Top of EXCERPTED DATA
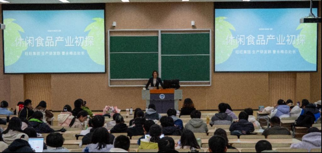 “旺旺”诞生于1962年,历经多年发展,现已成为享誉国内外的食品企业,足迹遍布五大洲,熟悉的产品一下子拉进了师生之间的距离,将食品专业具象化地展现在听众面前。
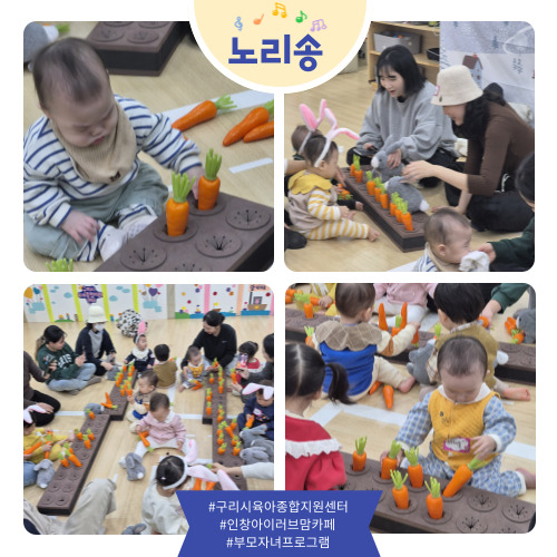 가정양육지원 [부모자녀프로그램]인창아이러브맘카페-노리송 페이지 정보 작성자 관리자 댓글 0건 조회 7회 작성일 2025-12-16 11:26 본문 오늘은 '깡총토끼'를 주제로 즐겁게 활동했습니다.참여해 주셔서 감사합니다 ^^ 목록 이전글[부모자녀프로그램]인창아이러브맘카페-노리토 25.12.16 다음글[부모자녀프로그램]구리시영유아케어센터-잉글리시키즈쿠킹 25.12.13
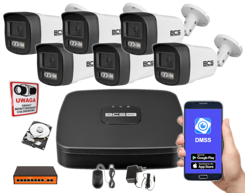 Zestaw monitoringu BCS umożliwia użytkownikowi samodzielny montaż w domu, biurze lub wszędzie tam, gdzie potrzebne jest bezpieczeństwo i nadzór. Zestaw ten jest wyposażony we wszystko, co niezbędne do stworzenia skutecznego systemu monitoringu, w tym kamery, rejestrator, switch PoE i dysk twardy 1TB.
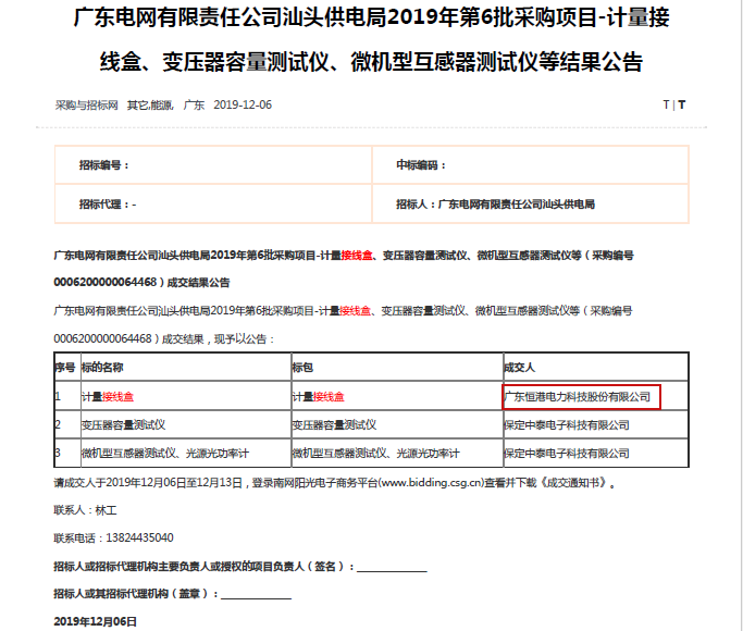 熱烈祝賀我司在廣東電網(wǎng)有限責(zé)任公司汕頭供電局2019年第6批采購項目-計量接線盒、變壓器容量測試儀、微機(jī)型互感器測試儀等結(jié)果中標(biāo)
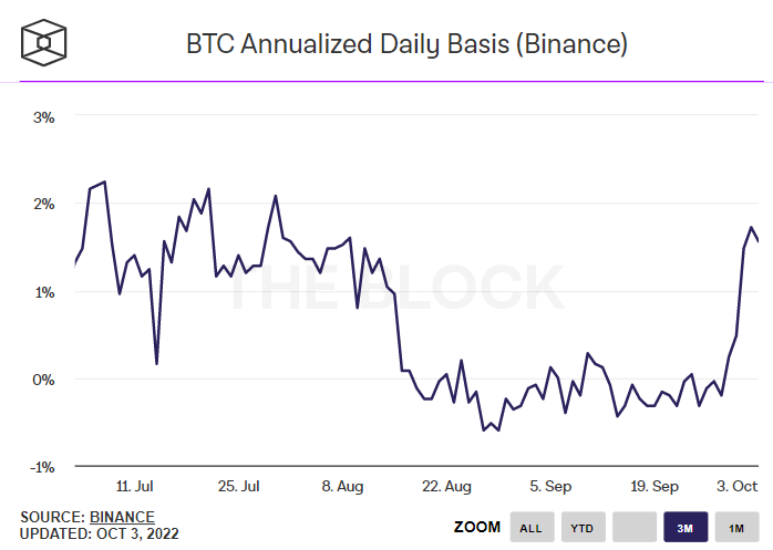 Speaking of futures, the annualized daily basis for BTC futures on Binance jumped last week after spending much of the past two months in negative territory, pointing to a notable positive shift in sentiment.
Bottom of EXCERPTED DATA
_ACTION ITEM:_ Retype the records exactly. Any image in them should not appear in what you write.

_RESULT:_
 “旺旺”诞生于1962年,历经多年发展,现已成为享誉国内外的食品企业,足迹遍布五大洲,熟悉的产品一下子拉进了师生之间的距离,将食品专业具象化地展现在听众面前。
 가정양육지원 [부모자녀프로그램]인창아이러브맘카페-노리송 페이지 정보 작성자 관리자 댓글 0건 조회 7회 작성일 2025-12-16 11:26 본문 오늘은 '깡총토끼'를 주제로 즐겁게 활동했습니다.참여해 주셔서 감사합니다 ^^ 목록 이전글[부모자녀프로그램]인창아이러브맘카페-노리토 25.12.16 다음글[부모자녀프로그램]구리시영유아케어센터-잉글리시키즈쿠킹 25.12.13
 Zestaw monitoringu BCS umożliwia użytkownikowi samodzielny montaż w domu, biurze lub wszędzie tam, gdzie potrzebne jest bezpieczeństwo i nadzór. Zestaw ten jest wyposażony we wszystko, co niezbędne do stworzenia skutecznego systemu monitoringu, w tym kamery, rejestrator, switch PoE i dysk twardy 1TB.
 熱烈祝賀我司在廣東電網(wǎng)有限責(zé)任公司汕頭供電局2019年第6批采購項目-計量接線盒、變壓器容量測試儀、微機(jī)型互感器測試儀等結(jié)果中標(biāo)
 Speaking of futures, the annualized daily basis for BTC futures on Binance jumped last week after spending much of the past two months in negative territory, pointing to a notable positive shift in sentiment.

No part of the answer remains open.